I heard Beethoven’s third symphony for the first time in 1986 and over time began to admire it greatly (as a young rock and roller, classical pieces sometimes took their time).  Later, I learned that it had originally been dedicated to Napoleon Bonaparte for his anti-monarchy idealism, only to be withdrawn.  Should this matter one iota to my admiration for the piece?

I think not.

Awards for art, movies and books should be viewed in a similar light.  Casablanca isn’t a better film for having won Best Picture, and Do the Right Thing isn’t a worse film for not having won the same award (or even nominated!).  They are both brilliant in their own right.

Then again, I can think of examples when my admiration for a song was actually enhanced once I learn the story behind it.  There’s no way you can tell me that Eric Clapton’s “Tears in Heaven” isn’t that much more beautiful, compelling and heartbreaking when you learn that it was written for his dead son, or that Lyle Lovett’s wonderful album, The Road to Ensenada, isn’t given a bittersweet tinge after learning that it largely chronicles his breakup with Julia Roberts.  One of my all-time favorite songs, Jackson Browne’s ”I’m Alive,” is even more compelling to me when I consider his breakup with Daryl Hannah. 

What can I say?  Pop music for me is sometimes a substitute for People Magazine!

On occasion I learn about the inspiration behind a song only to wish I hadn’t.  I recently read about the Ben Folds song, “Eddie Walker,” a wonderful tune for which I created my own story, and although the true inspiration for the lyrics isn’t in a completely different universe from my own interpretation, it still clouds the mental image I’d formed and will probably do so forever more.  For this reason, I admire artists who let songs be once they’re composed and refuse to offer insight into their origins.
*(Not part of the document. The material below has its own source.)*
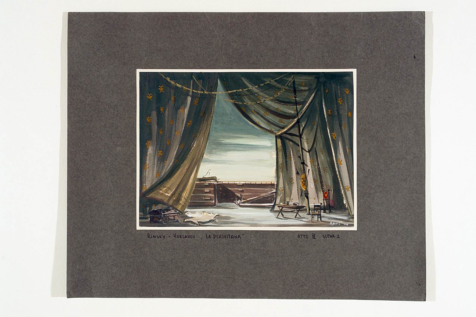 Bozzetto scenografico per Pskovitianka (Ivan il terribile), opera di Nikolaj Andreevič Rimskij-Korsakov, prima rappresentazione 13 gennaio 1968, Teatro Comunale Giuseppe Verdi Trieste, regia di Mladen Sablic

And then there’s the ugly side.  Hitchcock’s purported sexual harassment, for instance. But many artists have an ugly side, and it would be silly for us to view their art through that lens. Roger Waters has said some pretty controversial and stupid things over the years, but I still think The Wall is still brilliant.  John Lennon used to hit his girlfriend.  I still love “A Day in a Life.”  I haven’t spent a penny on Elvis Costello since he told an audience at The Chicago Theater to “fuck off,” but I certainly can’t claim that I don’t still love his music.  Hell, you couldn’t pay me to see a Mel Gibson movie, but there’s no denying the fact that the guy can act and direct.

My father and I recently corresponded about this subject, and he wrote: “Does it matter what Brahms' psychotherapist thought was behind his compositions? Was Shostakovitch mentally ill or sexually repressed?  Who cares?  You love his 5th Symphony for what it is.  And Wagner: let's not even get into his politics.  Too much analysis and not enough appreciation and enjoyment.”

Too much analysis and not enough enjoyment.  There you are.  

Perhaps Richard Brody should do as I did two nights ago and rewatch Vertigo – perhaps with his daughter as I did – and enjoy it for what it is: a perfectly-executed telling of a creepy story.  If someone thinks it’s the best film of all-time, fair enough.